This post was co-authored with Srihari Sriraman

Coding agents are fascinating to study. They help us build software in a new way, while themselves exemplifying a novel approach to architecting and implementing software. At their core is an AI model, but wrapped around it is a mix of code, tools, and prompts: the harness.

A critical part of this harness is the system prompt, the baseline instructions for the application. This context is present in every call to the model, no matter what skills, tools, or instructions are loaded. The system prompt is always present, defining a core set of behaviors, strategies, and tone.

Once you start analyzing agent design and behavior, a question emerges: how much does the system prompt actually determine an agent’s effectiveness? We take for granted that the model is the most important component of any agent, but how much can a system prompt contribute? Could a great system prompt paired with a mediocre model challenge a mediocre prompt paired with a frontier model?

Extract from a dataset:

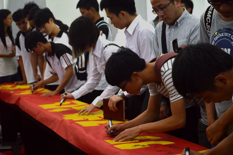 会议结束后,师生代表在“三风建设活动,从我做起”的横幅上签名,表达了积极参与“三风”建设,创建优良校风、教风和学风的决心。

To find out, we obtained and analyzed system prompts from six different coding agents. We clustered them semantically, comparing where their instructions diverged and where they converged. Then we swapped system prompts between agents and observed how behavior changed.

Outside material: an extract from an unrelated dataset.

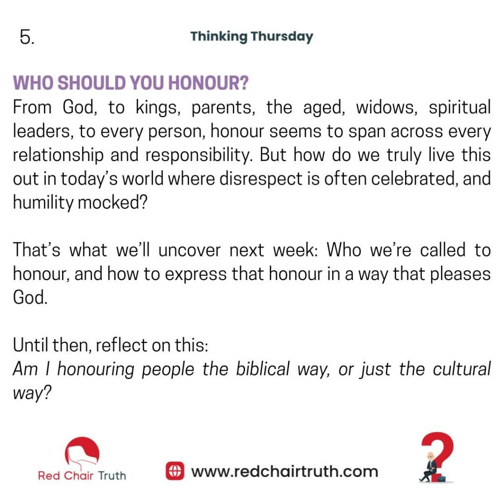 That’s what we’ll uncover next: Who we’re called to honour, and how to express that honour in a way that pleases God.

System prompts matter far more than most assume. A given model sets the theoretical ceiling of an agent’s performance, but the system prompt determines whether this peak is reached.

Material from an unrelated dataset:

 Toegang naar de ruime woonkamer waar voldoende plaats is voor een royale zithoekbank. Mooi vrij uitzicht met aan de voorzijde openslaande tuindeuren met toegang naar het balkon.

The Variety of System Prompts

To understand the range of system prompts, we looked at six CLI coding agents: Claude Code, Cursor, Gemini CLI, Codex CLI, OpenHands, and Kimi CLI. Each performs the same basic function: given a task they gather information, understands the code base, writes code, tracks their progress, and runs commands. But despite these similarities, the system prompts are quite different.

Waffle chart comparisons of 6 coding agent system prompts

We’re analyzing exfiltrated system prompts, which we clean up and host here1. Each of these is fed into context-viewer, a tool Srihari developed that chunks contexts in semantic components for exploration and analysis.

Looking at the above visualizations, there is plenty of variety. Claude, Codex, Gemini, and OpenHands roughly prioritize the same instructions, but vary their distributions. Further, prompts for Claude Code and OpenHands both are less than half the length of prompts in Codex and Gemini.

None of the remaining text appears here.